9. Tratamientos Estéticos con Aparatología
Depende. Unos sí, y otros, no. Todos los tratamientos de estética corporal que impliquen la aplicación de láser, luz pulsada, radiofrecuencia… están desaconsejados durante el embarazo porque no hay estudios que avalen su completa seguridad para el bebé durante la gestación y se sigue, una vez más, el principio de precaución. En cambio, los tratamientos manuales que no usen aparatología (limpieza facial, drenaje facial y corporal, masajes…) pueden hacerse sin problemas.
10. Otros Ingredientes a Evitar
- Formaldehído: Algunos tratamientos capilares como los alisados y ciertos esmaltes de uñas contienen formaldehído. Estos ingredientes se asocian con toxicidad, riesgo de cáncer y problemas respiratorios. Están presentes en tratamientos de keratina con formol, endurecedores de uñas.
- Aceites Esenciales: Aunque los aceites esenciales son naturales, no todos son seguros en el embarazo. Algunos pueden inducir contracciones uterinas o tener efectos tóxicos. Estos se encuentran en aromaterapia, cremas o aceites corporales.
- Parabenos y Ftalatos: Se utilizan como conservantes o fijadores en cosmética, pero algunos estudios sugieren que podrían tener efectos hormonales. Aunque no hay suficientes evidencias científicas, los expertos recomiendan optar por cosmética libre de ftalatos y parabenos.

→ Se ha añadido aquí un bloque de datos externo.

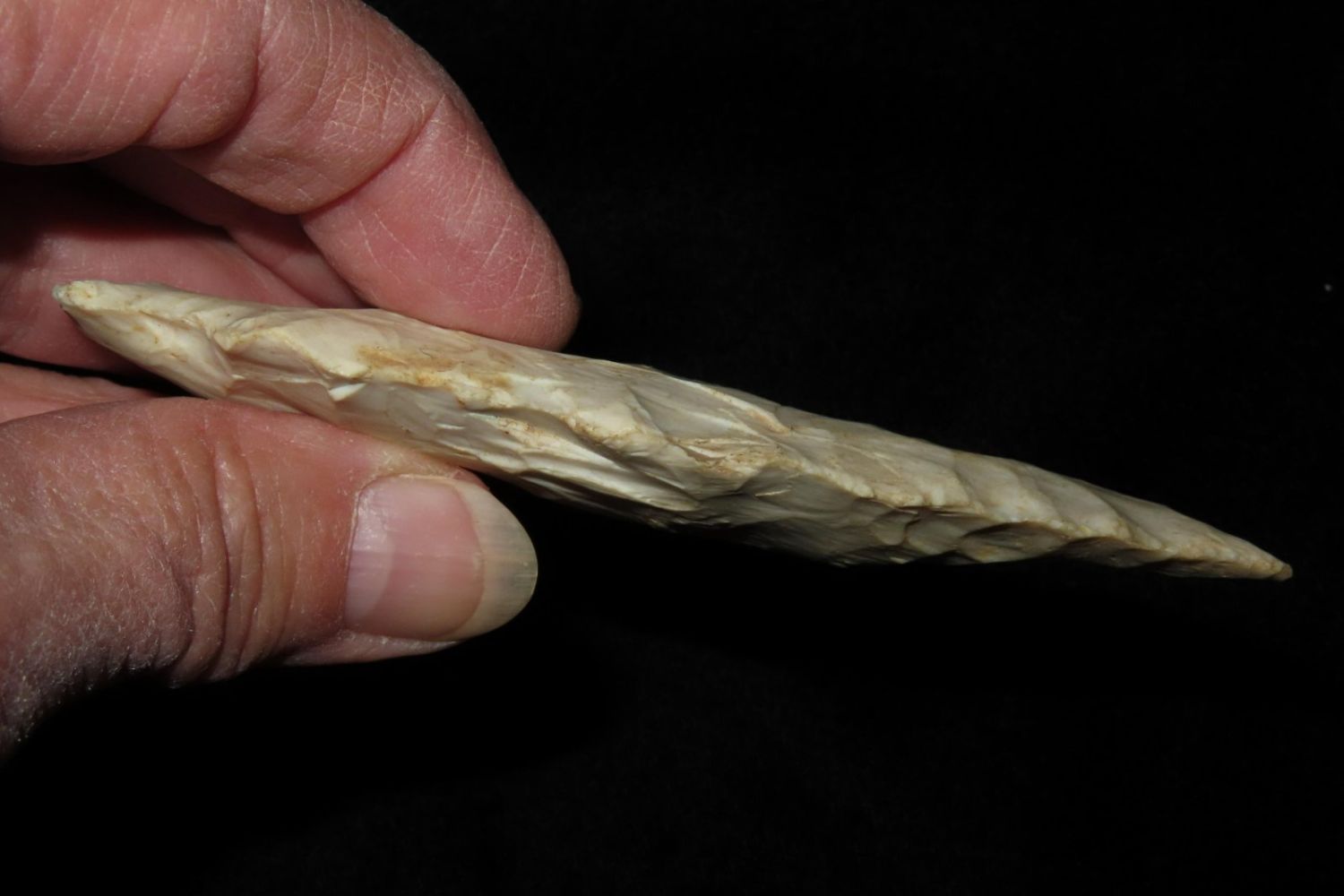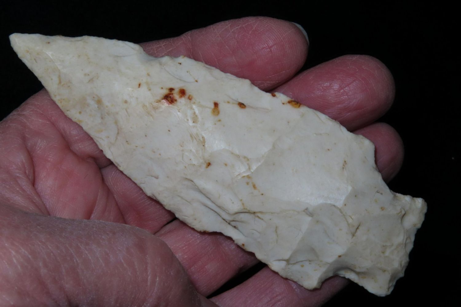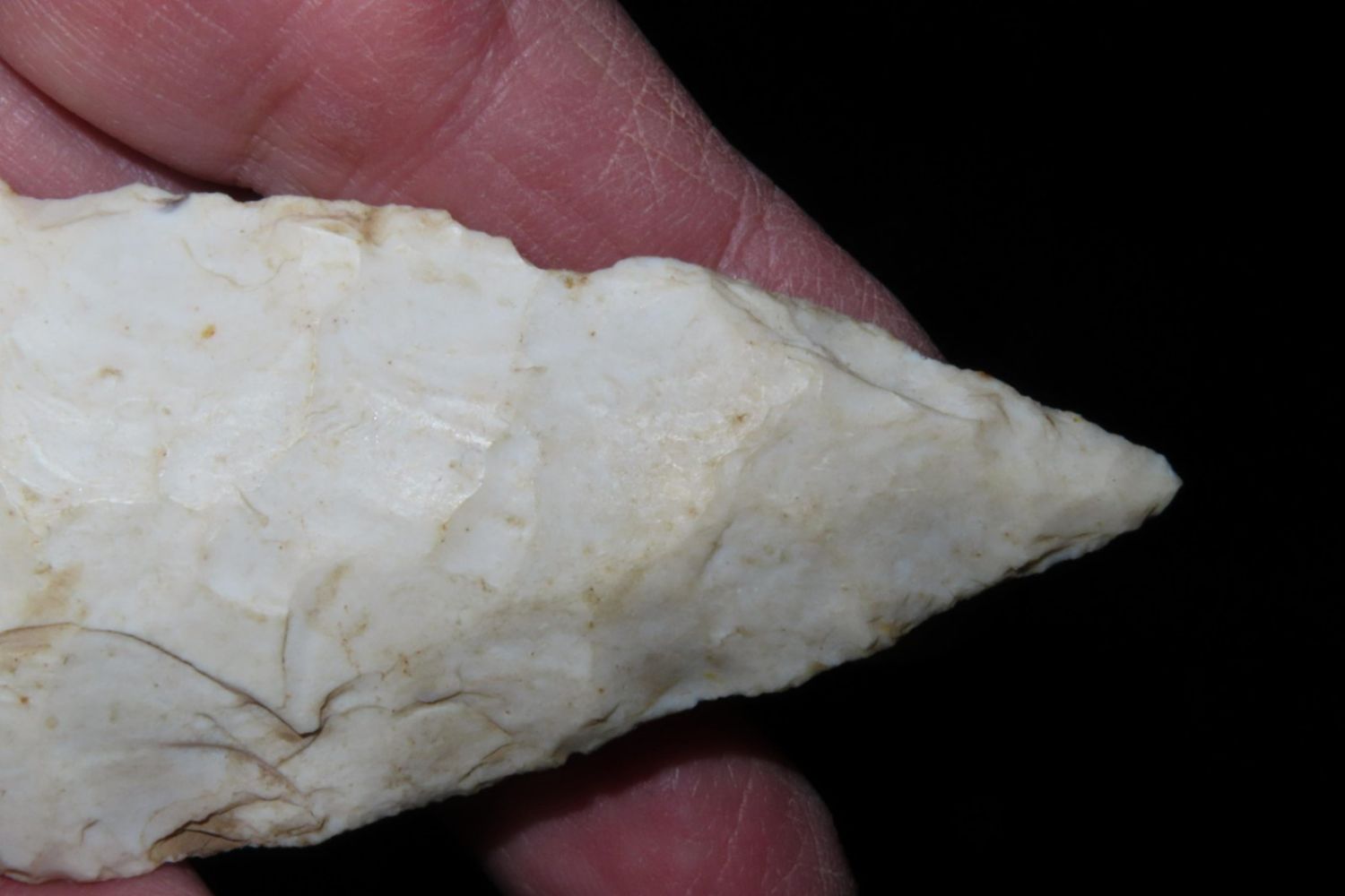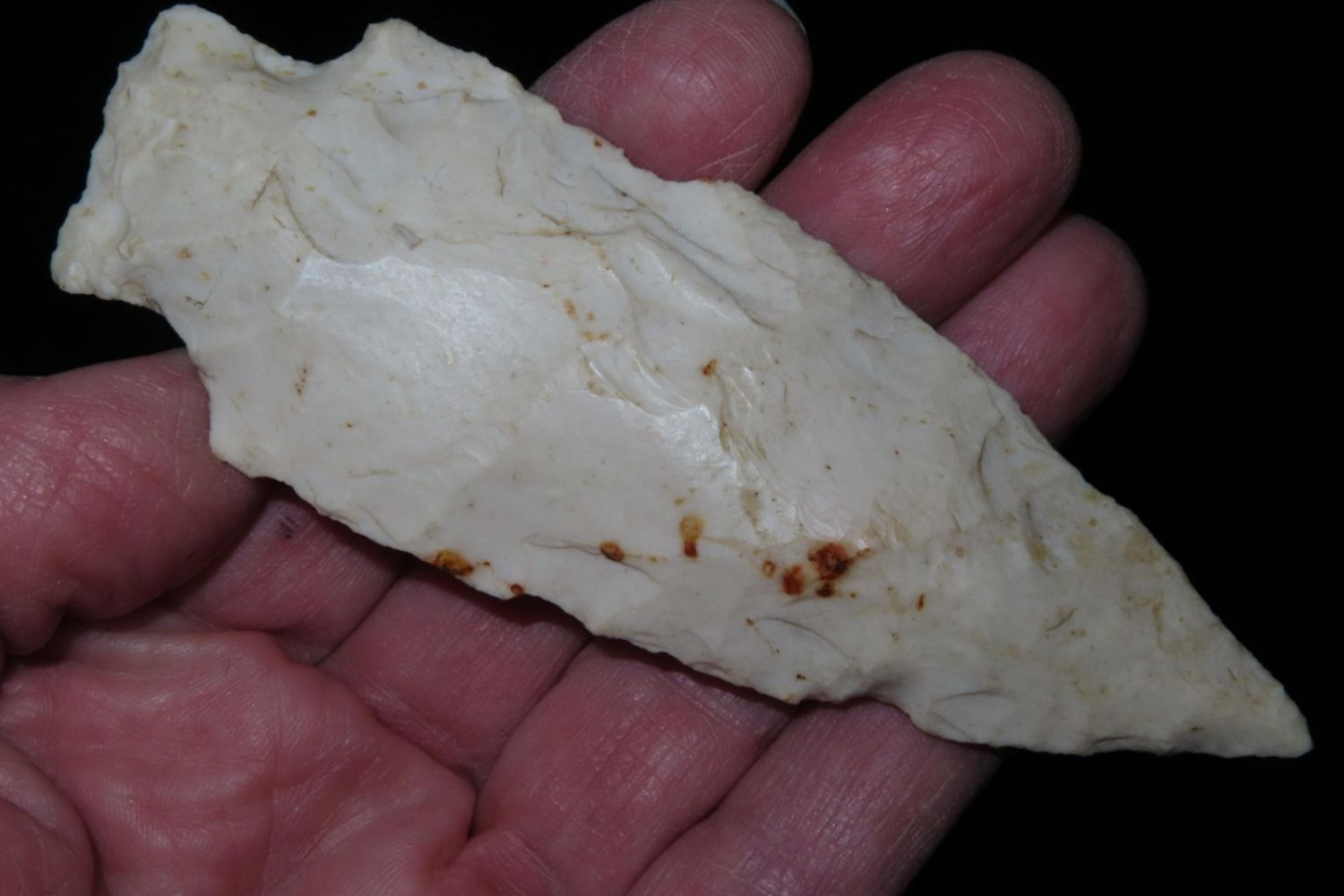 3 7/8" Etley. From the James and Joe George Collection. Joe George was an avid collector and finder of Native American artifacts in the greater St Louis Missouri area. Joe collected his entire life. Upon his passing he turned his collection over to his son James. James was also a very avid collector. He enjoyed walking various waterways and attending artifact shows. James is looking forward to passing down his collection to the relic community for caretaking.

- Tintes Capilares con Amoníaco: Los tintes capilares tradicionales pueden contener amoníaco, peróxido de hidrógeno y otras sustancias fuertes. Inhalar los vapores puede ser irritante y se aconseja evitarlos al menos en el primer trimestre. Una alternativa segura pueden ser los tintes vegetales o las coloraciones sin amoníaco.
Alternativas Seguras y Recomendaciones
En cuanto a los aceites esenciales (romero, eucalipto, menta piperita, alcanfor, canela, mejorana, salvia…), hay que interrumpir su uso. Otro producto de belleza a evitar son los esmaltes de uñas con formaldehído, tolueno, parabenos o estireno, sustancias potencialmente tóxicas que penetran a través de los poros de las uñas. Si te preocupan las estrías, activos como la manteca de karité, la centella asiática y el escualeno sí están permitidos.
Por otro lado, todos los principios activos vienen indicados en las etiquetas de los fármacos y cosméticos y, generalmente, incluyen advertencias al respecto de si se pueden administrar o no durante la gestación o la lactancia. Están permitidos: Pueden tomarse o aplicarse durante el embarazo con total seguridad.
“En Europa la cosmética está sometida a una regulación muy estricta”, asegura Sara Gómez Armayones, dermatóloga del Grupo Español de Dermatología Estética y Terapéutica de la AEDV. “Todos los cosméticos comercializados por los canales oficiales son seguros”, tranquiliza.
El embarazo no significa renunciar al cuidado personal, sino adaptar tu rutina de belleza con ingredientes seguros.